Author: Andrew Curran, President and COO, DMR/Interactive

BIA Advisory Services reports that in 2017, revenue for AM/FM radio  “experienced a 0.2% drop from 2016 to end the year at $13.87 billion.”

This lackluster performance took place as consumer confidence was the highest it had been since 2000 and unemployment was its lowest, helping fuel a stock market boom.

Compounding the issue, BIA lists radio as the 5th most significant local advertising platform, behind direct mail, television, newspapers and mobile.

NASCAR icon Dale Earnhardt once said, “Second place is just the first loser.” Imagine what he’d say about 5th place.

With unemployment less than 5%, it seems that advertisers can buy any platform and reach people with jobs and money, but that’s simply not true.

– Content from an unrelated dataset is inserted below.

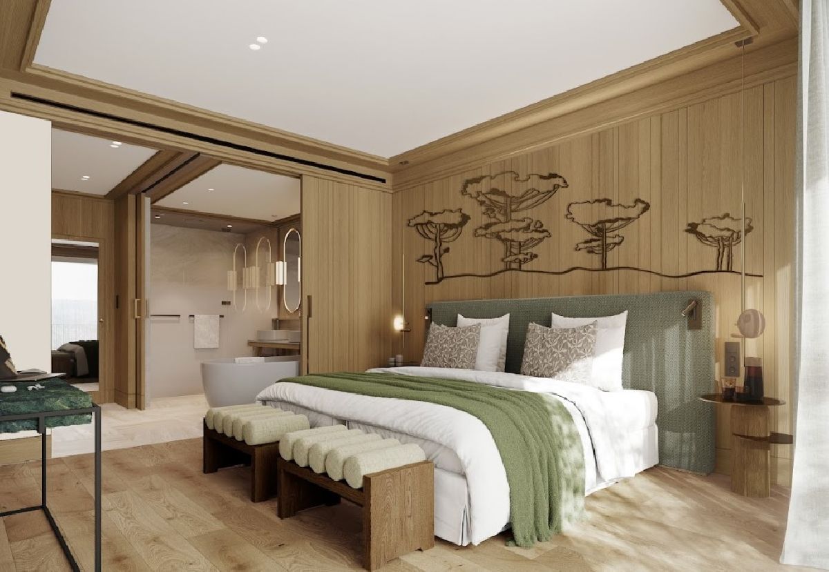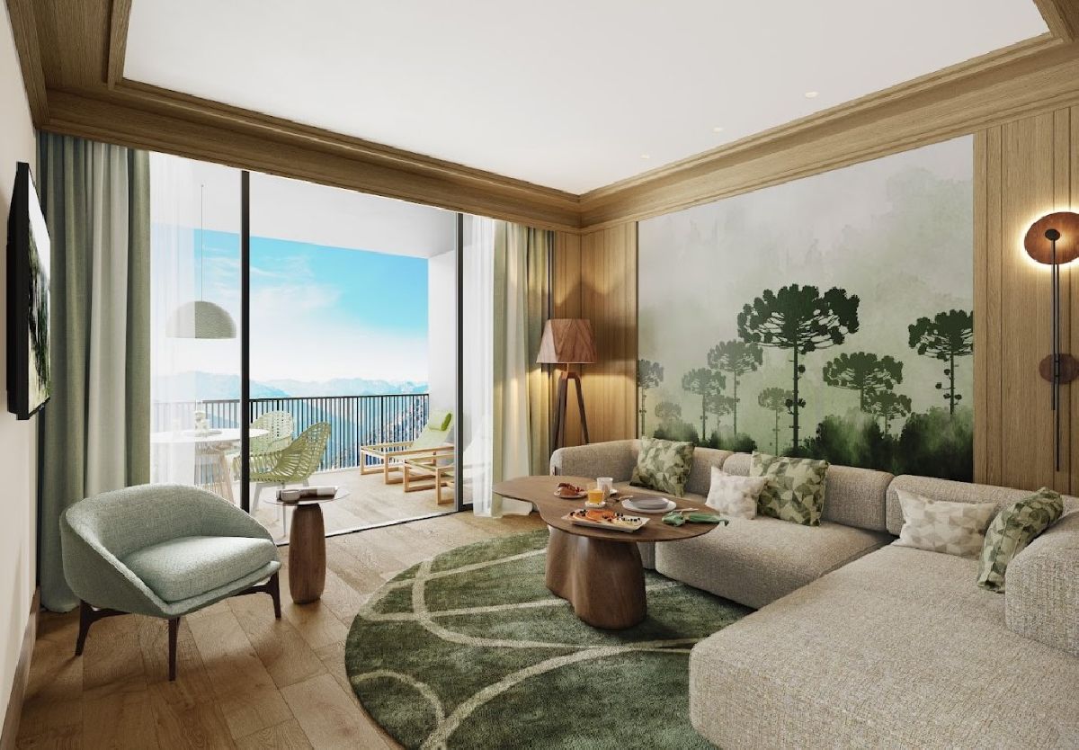 Instalado dentro do Complexo que possui uma área total de 2 milhões de m², o resort ocupará um espaço de 200 mil m² e contará com 250 acomodações, incluindo 19 chalés de luxo. A unidade será dividida em zonas específicas para diferentes perfis de hóspedes: uma área dedicada às famílias, com Mini Club, playground, piscina, restaurante principal e chocolateria; além de uma zona exclusiva para adultos, com piscina zen, restaurante gourmet, spa completo, academia e espaços de bem-estar. O projeto arquitetônico é assinado pelo escritório UNYT, enquanto a arquitetura de interiores fica a cargo do renomado designer francês Marc Hertrich.

According to the Bureau of Labor statistics, 40% of adults in the U.S. don’t have a job.

What do people without jobs do all day? Watch TV.

What do people who earn a paycheck do? Listen to the radio – in the car and at-work.

In fact, according to the latest Nielsen Audio numbers, not only is the reach of AM/FM radio larger than TV or smartphones, the weekly audience for AM/FM radio is almost double the audience of streaming, satellite and podcasts COMBINED. Even among millennials, nearly 9 out of every 10 minutes spent with audio is spent with AM/FM radio.

While other audio platforms that continue to find profitability elusive and have a fraction of radio’s total audience generate significant buzz, AM/FM radio seems content competing with itself for shrinking ad dollars. With major advertisers like Procter & Gamble rediscovering AM/FM radio, the current golden age of audio provides an important opportunity to catapult AM/FM radio ahead of local TV and newspapers as people increasingly cut the cord, view time-shifted content and do not subscribe to a daily paper.

AM/FM radio has an amazing story to tell, but too many people think it’s somebody else’s job to tell it. Let the RAB arm you and your team with the facts, so you can talk about radio’s employed audience with courage and conviction.